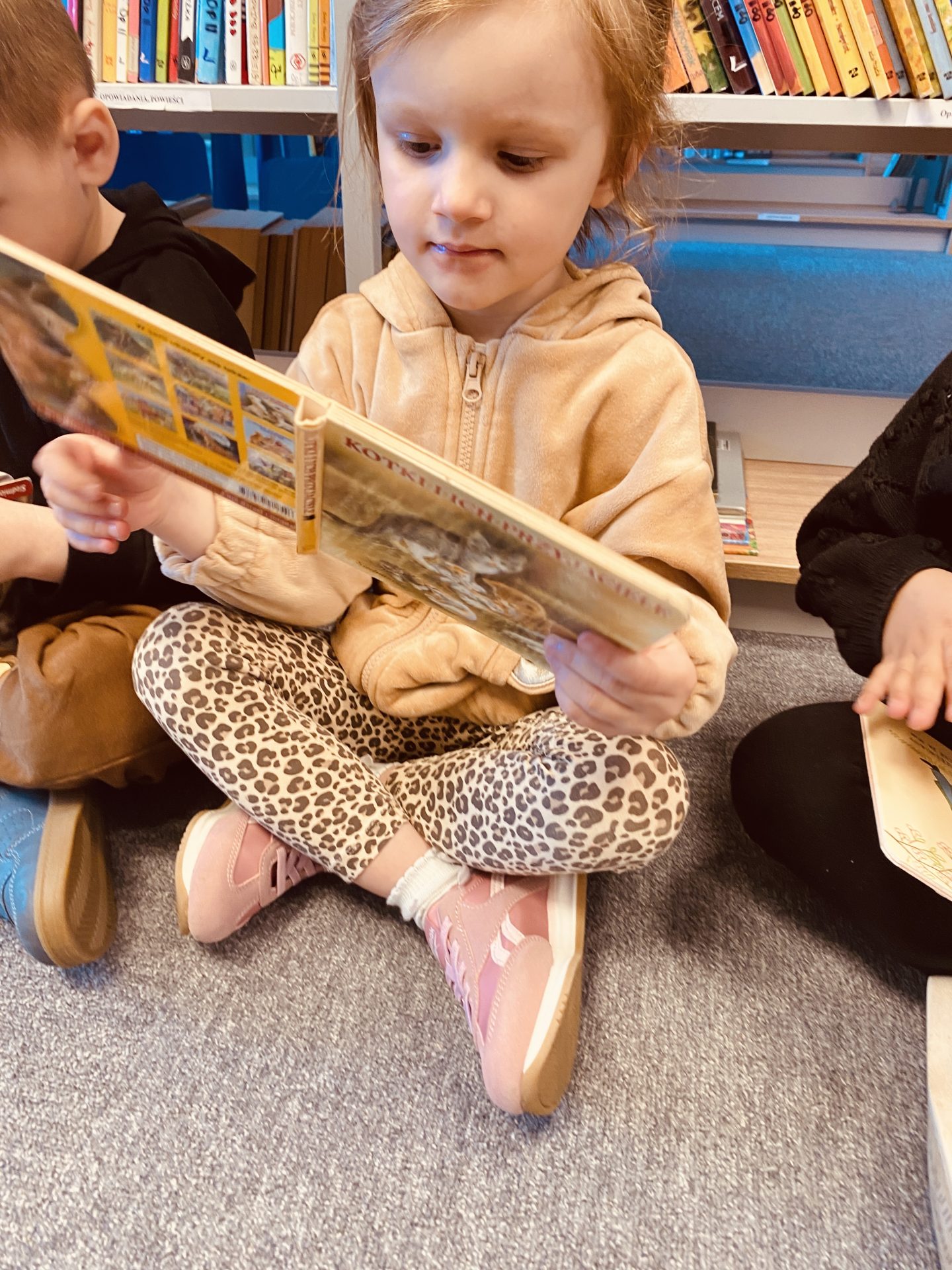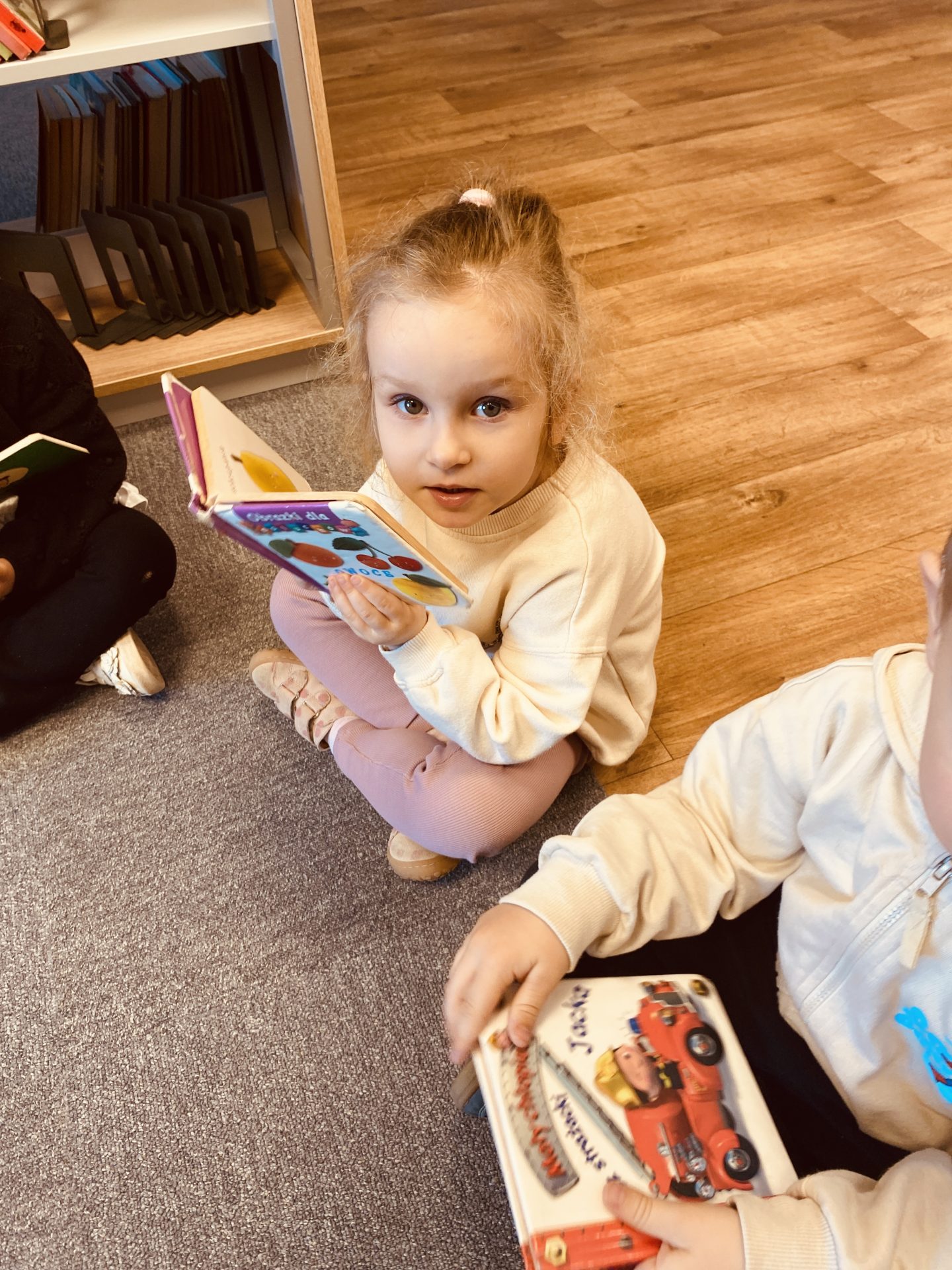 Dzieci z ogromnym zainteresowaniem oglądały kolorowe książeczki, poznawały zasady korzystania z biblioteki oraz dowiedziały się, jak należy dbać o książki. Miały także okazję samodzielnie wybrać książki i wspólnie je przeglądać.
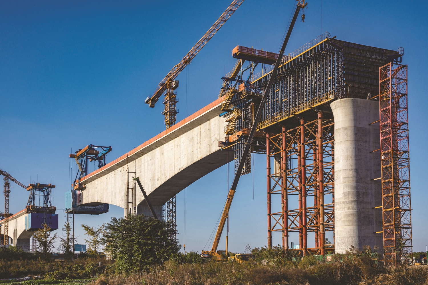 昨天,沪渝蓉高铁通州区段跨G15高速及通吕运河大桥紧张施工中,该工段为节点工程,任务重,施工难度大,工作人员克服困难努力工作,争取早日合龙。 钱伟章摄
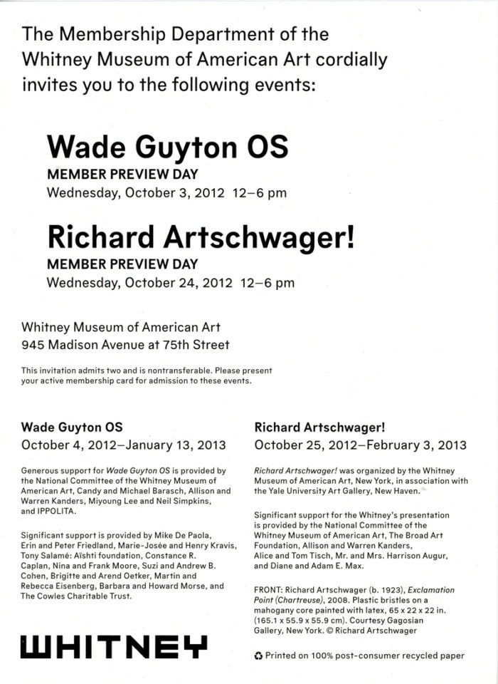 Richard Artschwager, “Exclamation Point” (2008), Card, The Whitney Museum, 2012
══════════
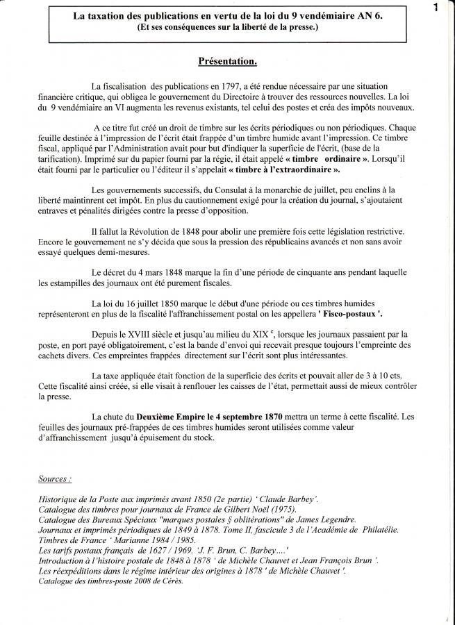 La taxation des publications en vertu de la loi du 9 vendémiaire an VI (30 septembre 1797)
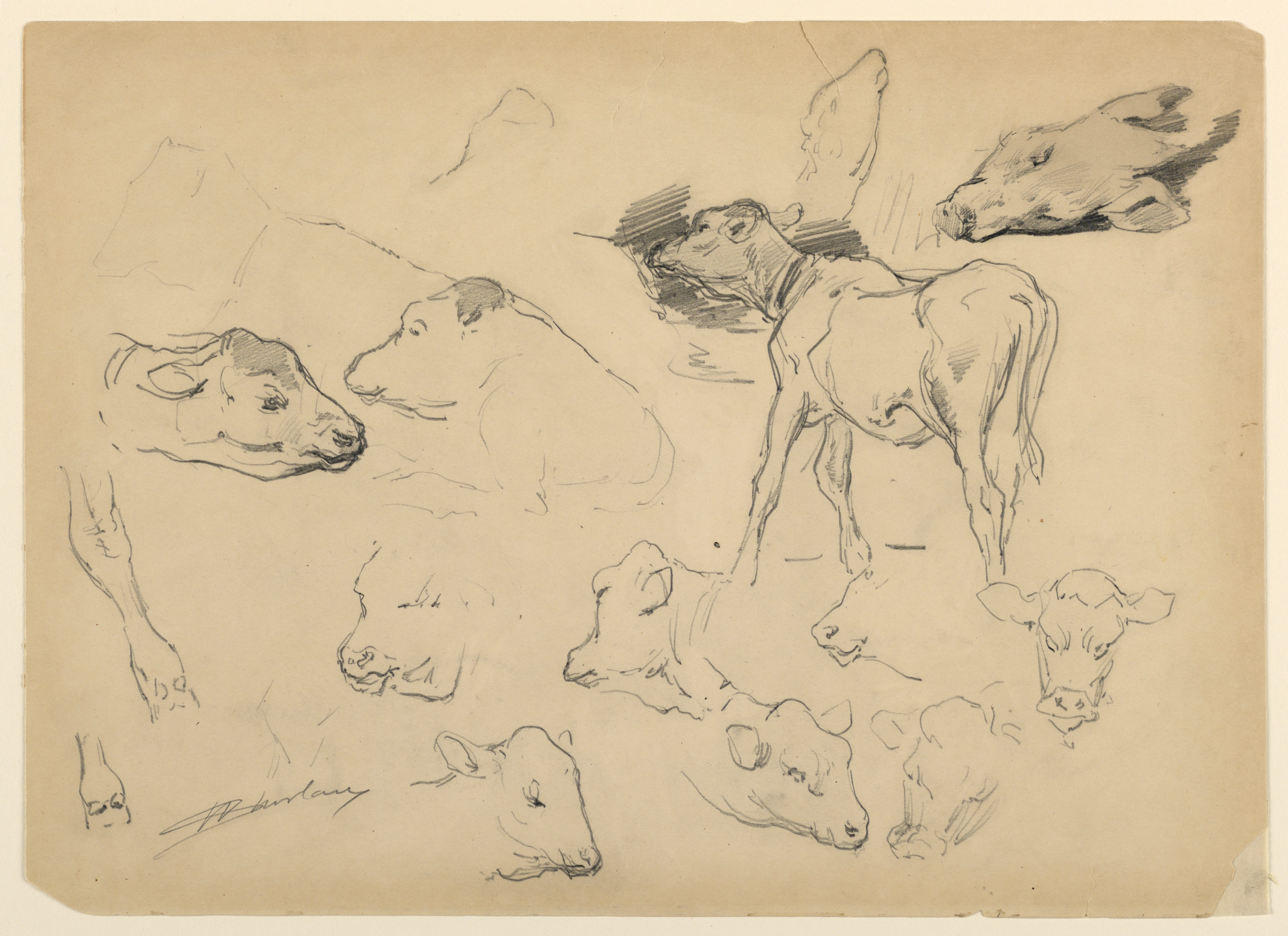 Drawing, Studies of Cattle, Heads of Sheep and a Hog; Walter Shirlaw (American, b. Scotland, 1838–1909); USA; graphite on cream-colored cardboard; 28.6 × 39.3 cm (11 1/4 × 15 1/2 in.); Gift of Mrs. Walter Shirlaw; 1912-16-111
══════════
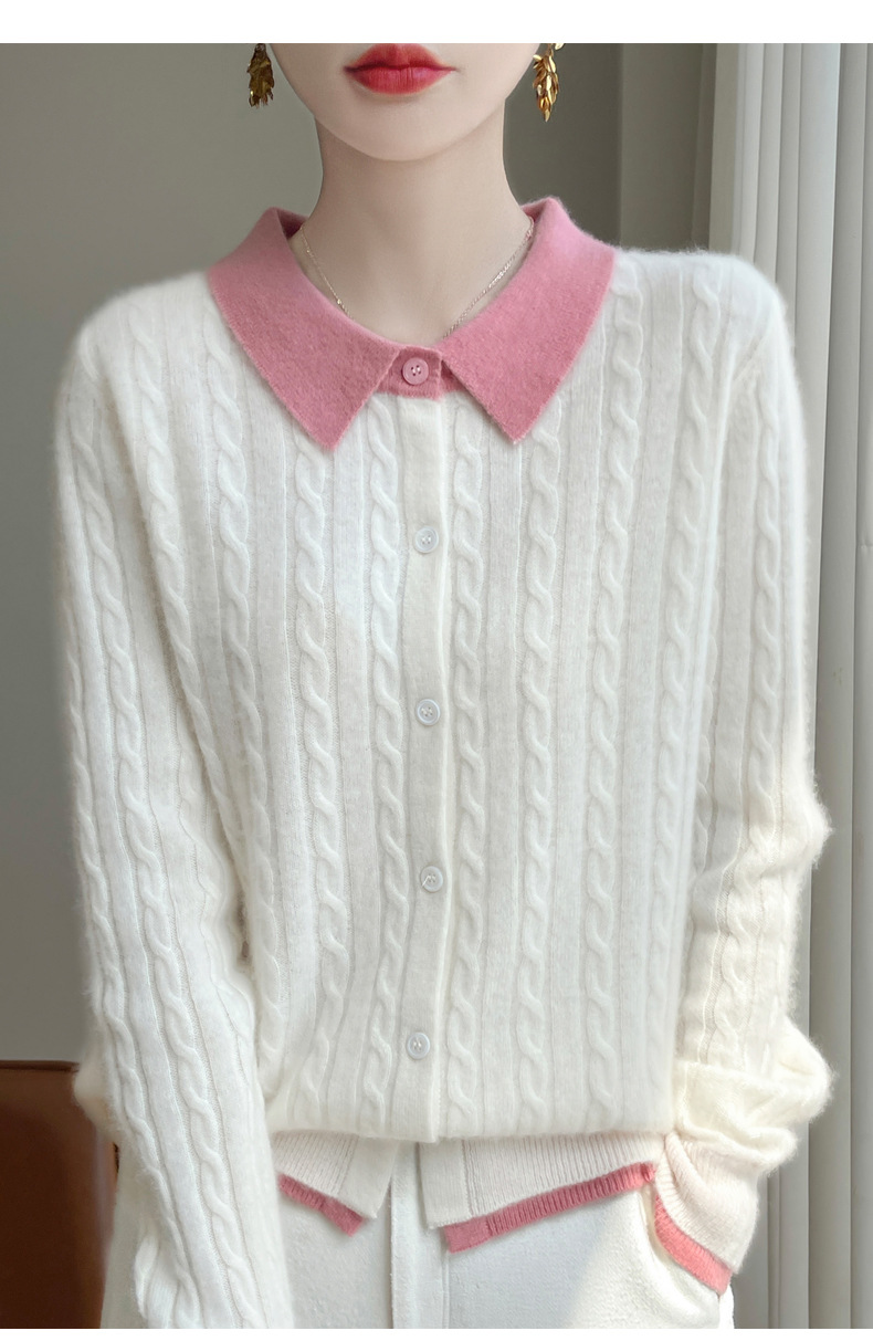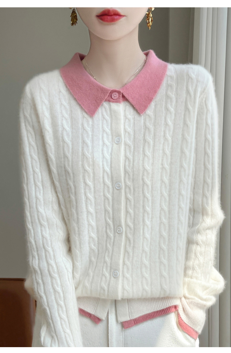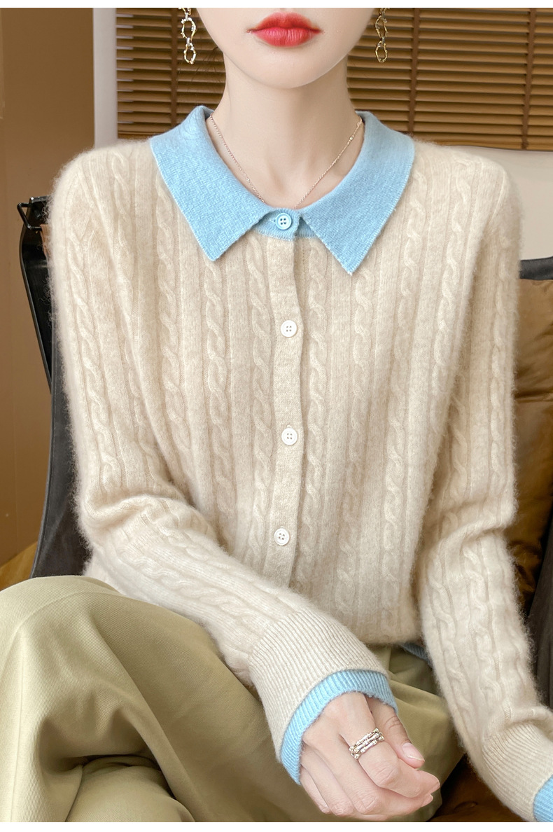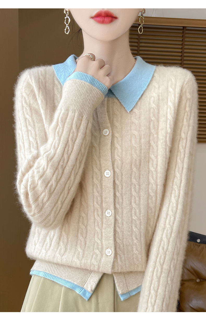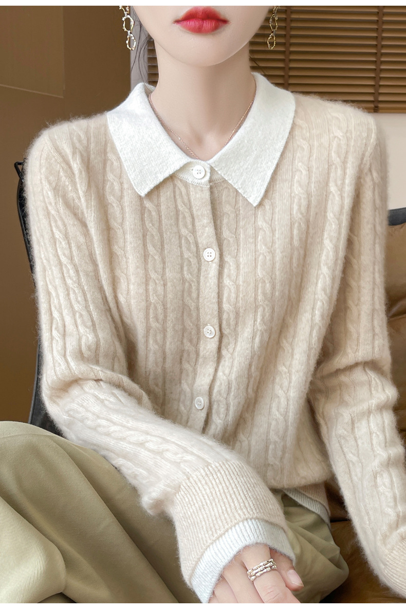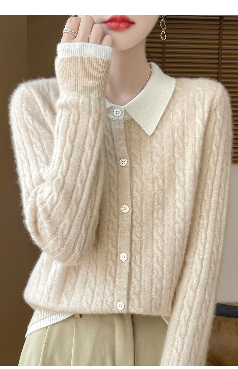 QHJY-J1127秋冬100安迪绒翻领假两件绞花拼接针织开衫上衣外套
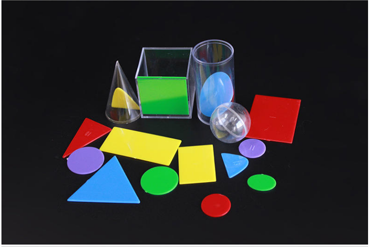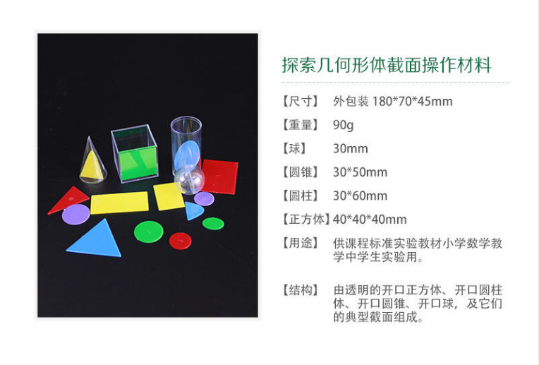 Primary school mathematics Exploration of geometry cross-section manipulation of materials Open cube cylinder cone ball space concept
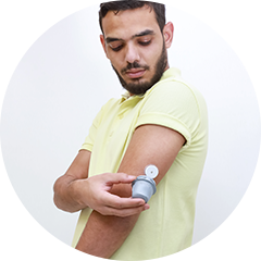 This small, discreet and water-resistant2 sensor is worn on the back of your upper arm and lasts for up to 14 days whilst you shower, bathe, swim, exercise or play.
══════════
**WORK REQUEST**
For the data above, set down exactly the lines from the line with "昨天,沪渝蓉高铁通州区段跨G" to the line with "Whitney Museum, 2012", both included, leaving pictures out.

**RESPONSE TO THIS EXERCISE**
 昨天,沪渝蓉高铁通州区段跨G15高速及通吕运河大桥紧张施工中,该工段为节点工程,任务重,施工难度大,工作人员克服困难努力工作,争取早日合龙。 钱伟章摄
 Richard Artschwager, “Exclamation Point” (2008), Card, The Whitney Museum, 2012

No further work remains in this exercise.